For Online: Coworking Space meets the demand of digital nomads and remote workers in a coworking space on the island of Koh Phangan – dubbed by.
At the end of April, Airbnb announced a “Live and Work Anywhere” initiative that allows its employees to work remotely. Earlier this week, he went further by sharing 20 destinations he intends to promote with special pages on his website as remote work hubs, with Thailand on the list. The company will partner with the Tourism Authority of Thailand (TAT) to create a “Thailand Hub” page that introduces long-term accommodation, entry requirements and visa policies to users.
The remote work industry has seen explosive growth over the past decade. Even before Covid-19, at least 17% of the U.S. workforce worked full-time remotely, while many more expected flexible or part-time remote work as a perk.
Thailand has long been an attractive option for remote workers or entrepreneurs looking to expand businesses, thanks to its top-notch infrastructure, low costs, and world-class tourist destinations. In recent months, the country’s reputation as a remote work haven has been in the headlines. Late last month, Bangkok was ranked the second best city for digital nomads by Instant Group, while another survey – William Russell’s website, gave Koh Phangan the top spot for being the best place in the world for a workcation, according to its latest survey published on July 3.
Previously, without any clear visa category that allowed remote workers to stay in the country long-term, most relied on headache-inducing tourist or education visas. But in a bid to spur economic growth, the cabinet recently approved a new visa category known as the Long-Term Resident (LTR) visa program, effective from September 1 this year. It will grant remote workers and wealthy retirees the right to live in the country for 10 years and provide other immigration-related benefits, provided applicants meet certain conditions. But will it work as expected? While it’s commendable that the government has finally passed a new scheme for digital nomads after years of talks that came to nothing, it’s unlikely to attract the remote workers it hopes.
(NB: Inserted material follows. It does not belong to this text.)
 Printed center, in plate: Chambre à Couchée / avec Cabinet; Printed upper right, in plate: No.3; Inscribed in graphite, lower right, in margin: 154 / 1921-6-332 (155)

Remote workers must be able to prove a salary of at least US$80,000 (2.8 million baht) in the past two years. That’s quite high compared to the annual €8,460 (370,000 baht) that Portugal, a country with a similar cost of living to Thailand, requires under its D7 residency program. Costa Rica, another competing country, requires proof of a monthly income of US$3,000, or about 108,000 baht.
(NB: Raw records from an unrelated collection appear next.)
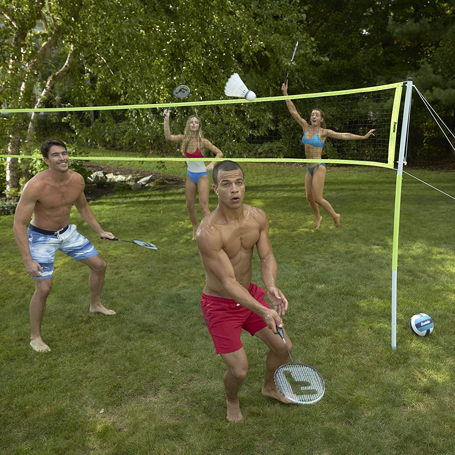 Franklin Sports Volleyball and Badminton Combo Set - Portable Volleyball and Badminton Net with Ball, Racquets and Birdies - All Inclusive Set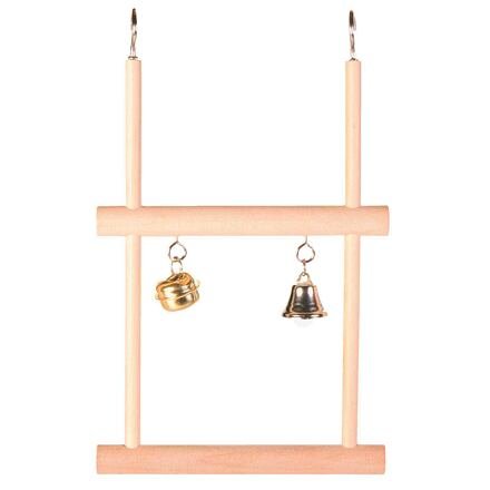 Dvojitá dřevěná houpačka se zvonkem a rolničkou 12x20cm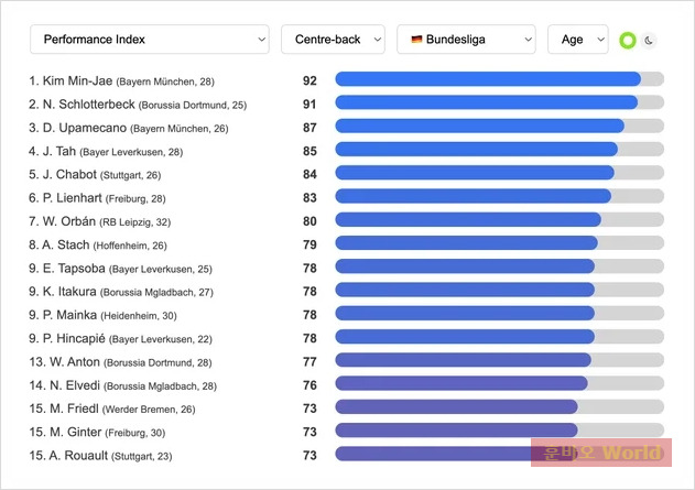 ‘데이터MB’가 발표한 센터백 랭킹에서 김민재는 92점을 기록하며 리그 최강의 자리에 올랐습니다.

But beyond a high salary, the killer clause is the requirement that a remote employee’s company be publicly traded and publicly traded or be a private company with revenue of $150 million over the past three years.
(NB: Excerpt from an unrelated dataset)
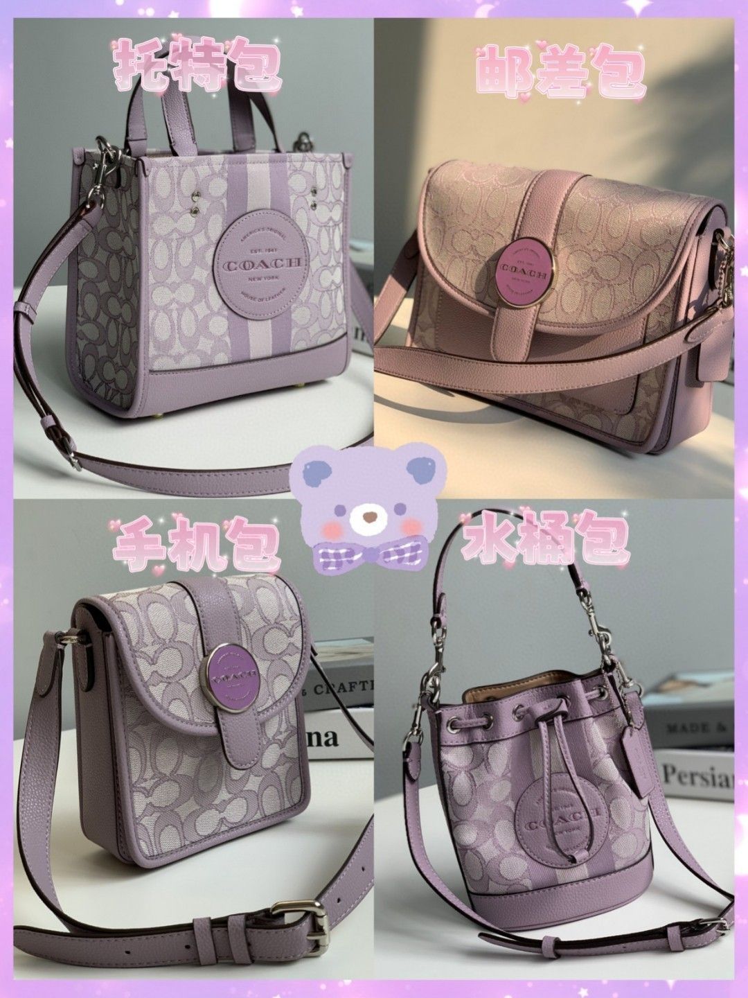 Coach这个紫色系真的好好看 低饱和度莫兰迪紫很清新脱俗 神秘又优雅 高级且端庄 入手这四款包包实用性还是蛮高的 无论通勤上班还是逛街都能搞定 🍇托特包 肩带可调节 手提单肩斜挎都是可以的 尺寸大约在22CM 不大不小的完美尺寸的尺寸 🍇水桶包 长肩带和手提肩带可以随时替换 尺寸大约在17CM 直接当手提包~小巧又精致 包口抽绳束口设计 收紧后就是一个花苞形状 🍇邮差包 圆形珐琅翻盖开合增添了...

Unfortunately, this will disqualify a sizable segment of remote workers who start or participate in venture capital-backed projects. This translates into lost opportunities for knowledge and technology transfer, job creation, and the potential for Thailand to become a technology hub.
As Thailand seeks to diversify its tourism industry, it must remember to stay grounded. All tourist hotspots have been hit hard by the pandemic and most of these countries are trying to pivot and capitalize on the remote working trend. To ensure that it is able to capture a share of this market, the government must understand the market. Otherwise, countries that offer better conditions like Bali’s plan to introduce a nomad visa that allows remote workers to live on the island tax-free will come out on top.
Bangkok Post editorial column
These editorials represent the Bangkok Post’s thoughts on current issues and situations.